Exercise description
What you produce should be the lines from the line containing "Garcia was 0-4, with" through the last line below, both ends included, reproduced exactly and without pictures.

Data records
══════

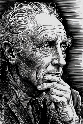 © VGX Ultra, Fototapeta premium Thoughtful Elderly Man Contemplating in Powerful Black and White Line Art
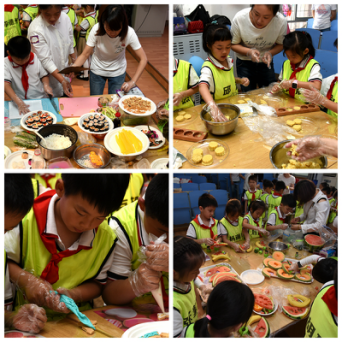 “蛋糕组,这边。”“寿司组,跟我来。”“饼干组,排好队。”“绿豆糕组,出发。”“水果组,我们加油。”55个小厨师分成5个小组,随着陈老师一声令下,今天的美食之旅正式开始。
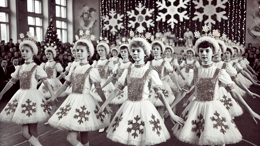 Конец декабря. Советские дети ждали главного — новогоднего утренника. В детском саду, в школе, во Дворце пионеров. А самые счастливые — попадали на кремлёвскую ёлку. Мечта каждого ребёнка в нашей стране. Новогодние утренники СССР — это особая атмосфера. Волшебство, которое наши родители помнят всю жизнь. Так праздновали детство в великой стране. За месяц до Нового года начиналась подготовка. Мамы шили костюмы. Зайчики, снежинки, петрушки. Каждый костюм — уникальный, сделанный с любовью. Из марли делали крылья для снежинок...
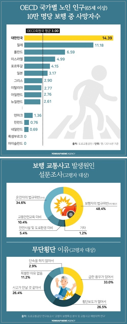 | Subject | 한국 노인 보행자 사망률 OECD 1위…그 이유는(사진이 올라온 연합뉴스 원기사로 재교체) |
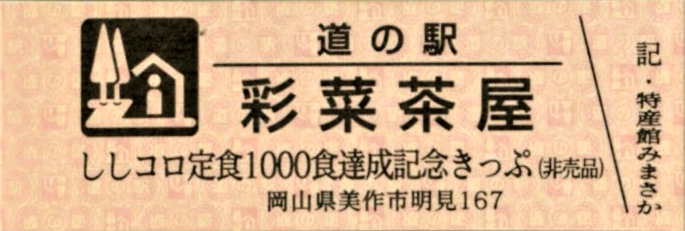 000301~ (特)ししコロ定食1000食達成記念きっぷ
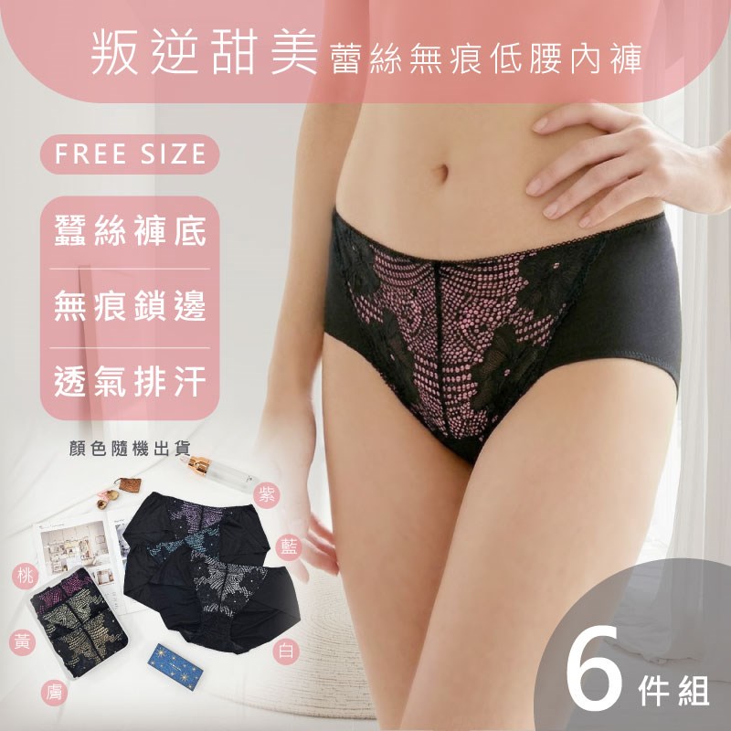 【卡妮兒】叛逆甜美蕾絲無痕低腰內褲 FREE(混色6件組)
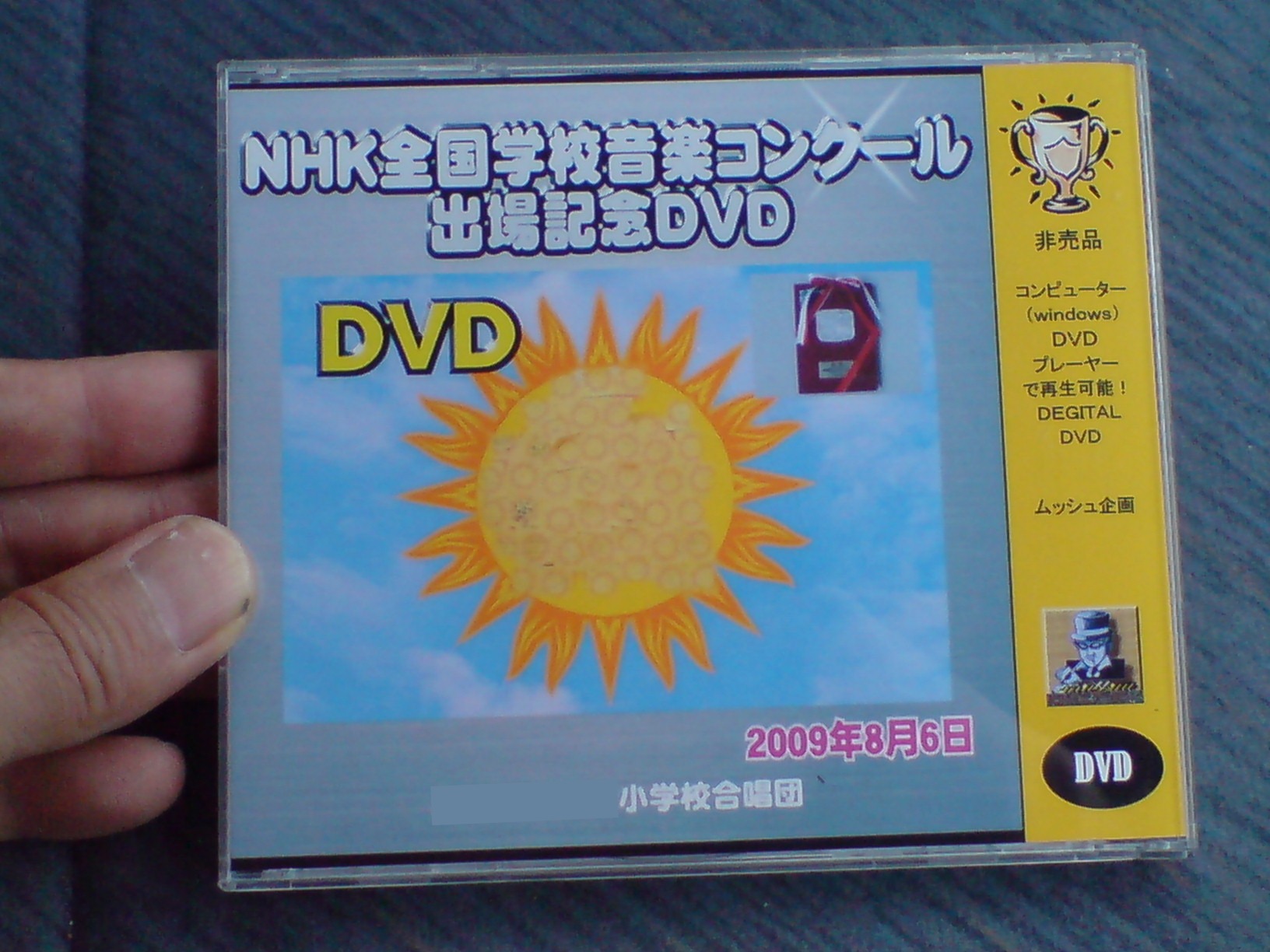 合唱団の子供達やお世話になった方々に配るDVDができあがりました。子供達の夢を書いた「夢の太陽」をパッケージの表紙に持ってきました。
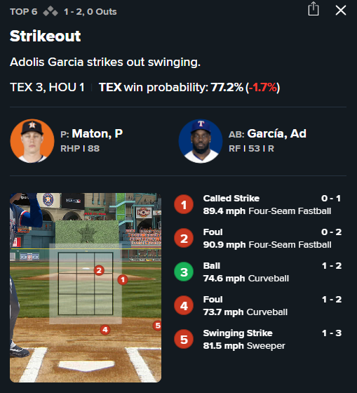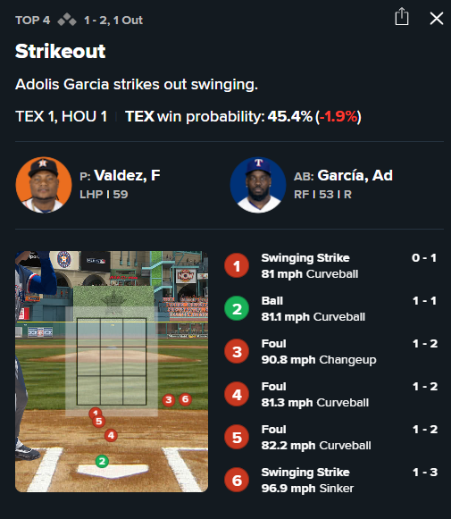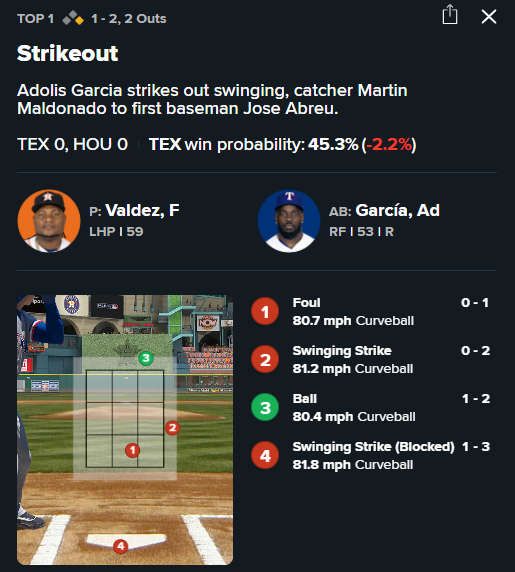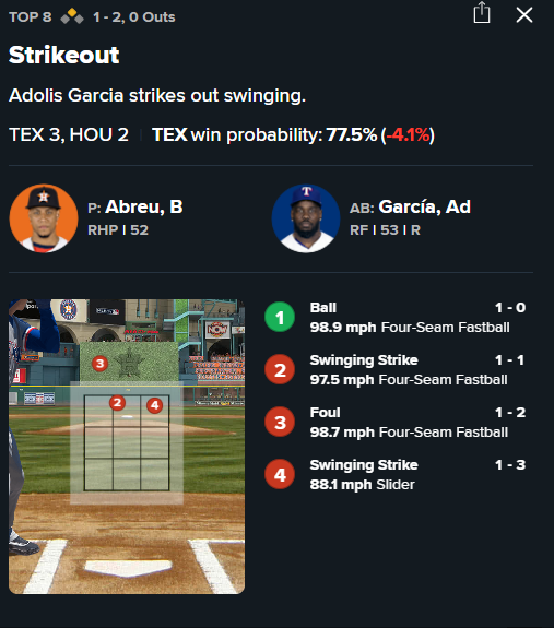 Garcia was 0-4, with 4 strikeouts and quite a few chases on his charts. It's hard to qualify any of these as "good at bats". However, the lesson to be learned here is that despite having an objectively awful day, there was still a chance for him to atone in the biggest moment of the game. In your career, you are going to have an 0-4 day. What separates you from the next guy is how you handle that failure. This can be from a game to game or at-bat to at-bat standpoint.
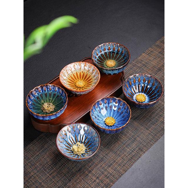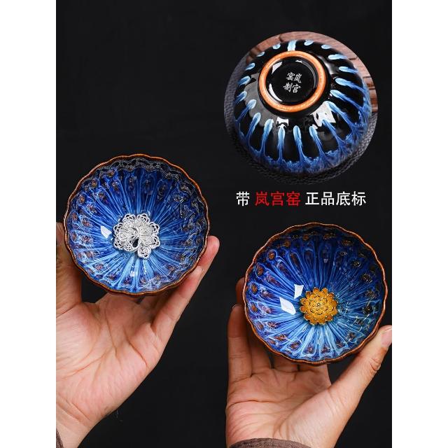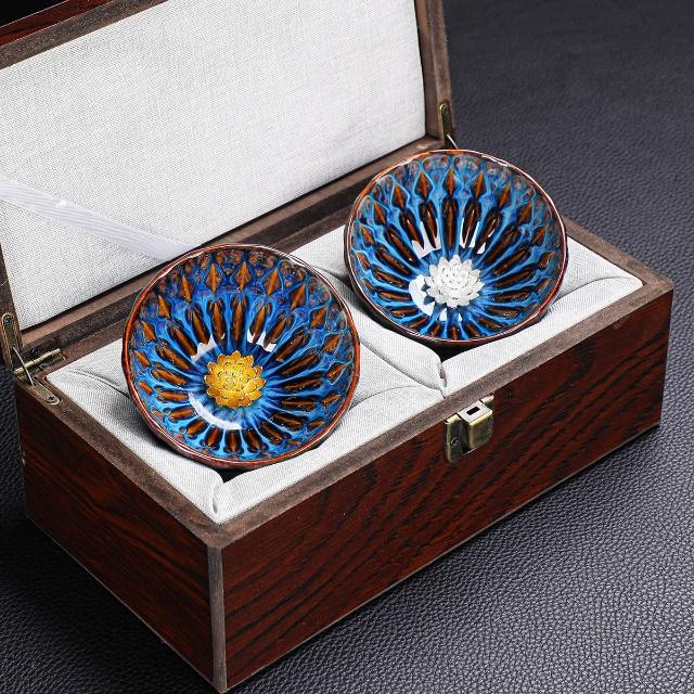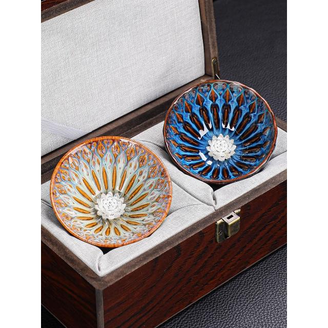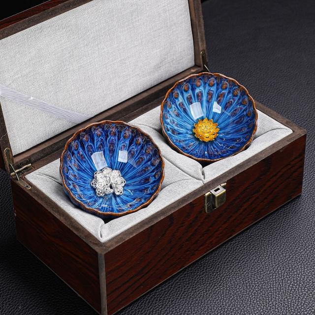 敦煌蓮花盞孔雀建盞主人杯對杯茶杯一對茶盞陶瓷禮盒裝高檔
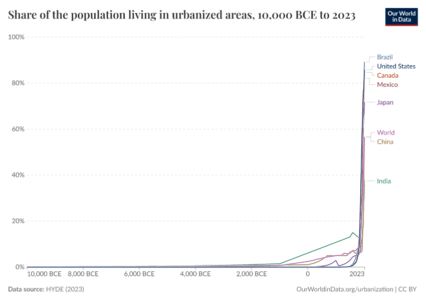 The recency of urbanization becomes even more pronounced when we look at trends for countries and regions over even longer timescales – the past 10,000 years. This is shown in the visualization here, derived from the work of the History Database of the Global Environment.11
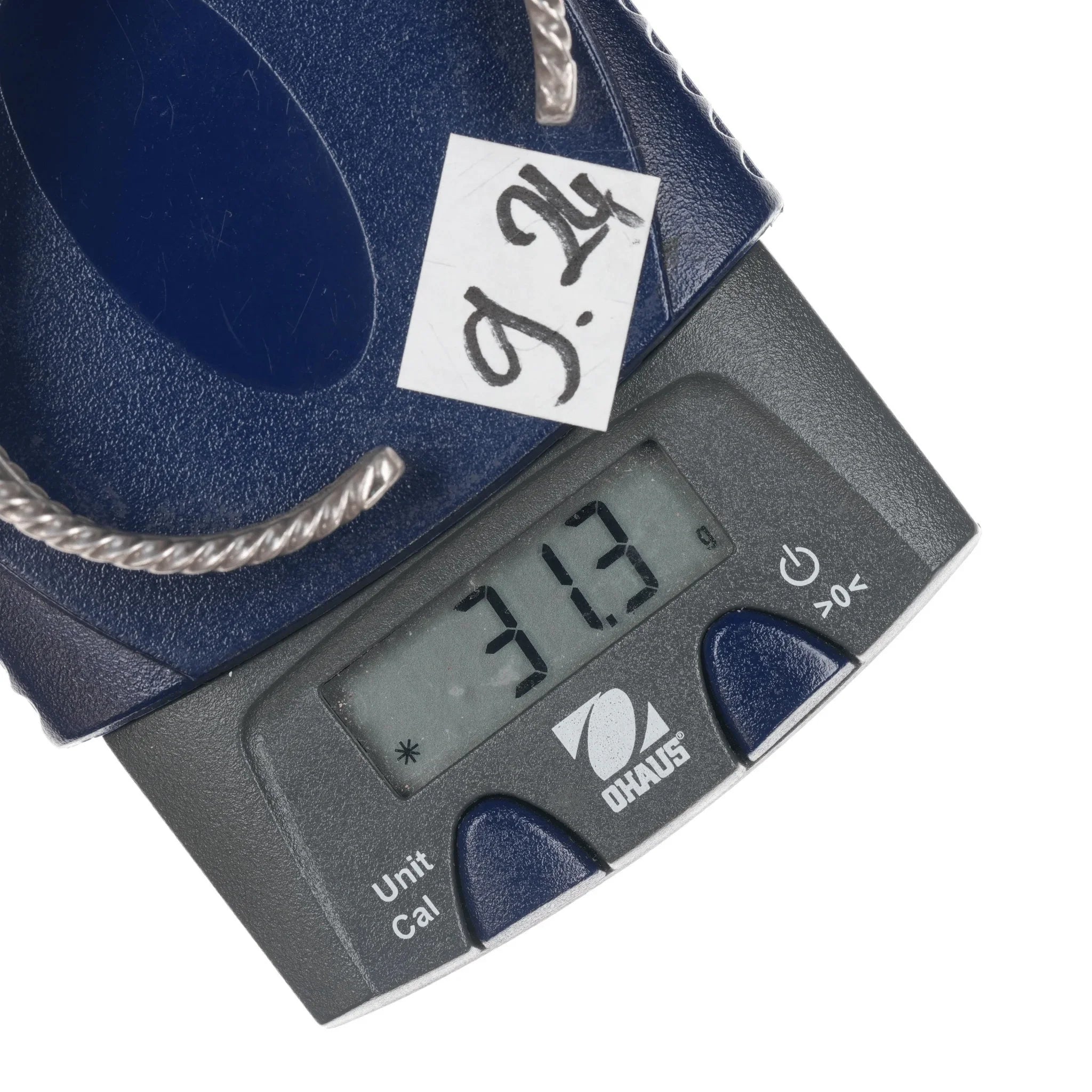6.25" c1930's Navajo stamped silver twisted wire cuff bracelet with turquoise. Stones secure in bezels, two with old fractures, weight and measurements in pics.

══════

Response to this task
 Garcia was 0-4, with 4 strikeouts and quite a few chases on his charts. It's hard to qualify any of these as "good at bats". However, the lesson to be learned here is that despite having an objectively awful day, there was still a chance for him to atone in the biggest moment of the game. In your career, you are going to have an 0-4 day. What separates you from the next guy is how you handle that failure. This can be from a game to game or at-bat to at-bat standpoint.
 敦煌蓮花盞孔雀建盞主人杯對杯茶杯一對茶盞陶瓷禮盒裝高檔
 The recency of urbanization becomes even more pronounced when we look at trends for countries and regions over even longer timescales – the past 10,000 years. This is shown in the visualization here, derived from the work of the History Database of the Global Environment.11
6.25" c1930's Navajo stamped silver twisted wire cuff bracelet with turquoise. Stones secure in bezels, two with old fractures, weight and measurements in pics.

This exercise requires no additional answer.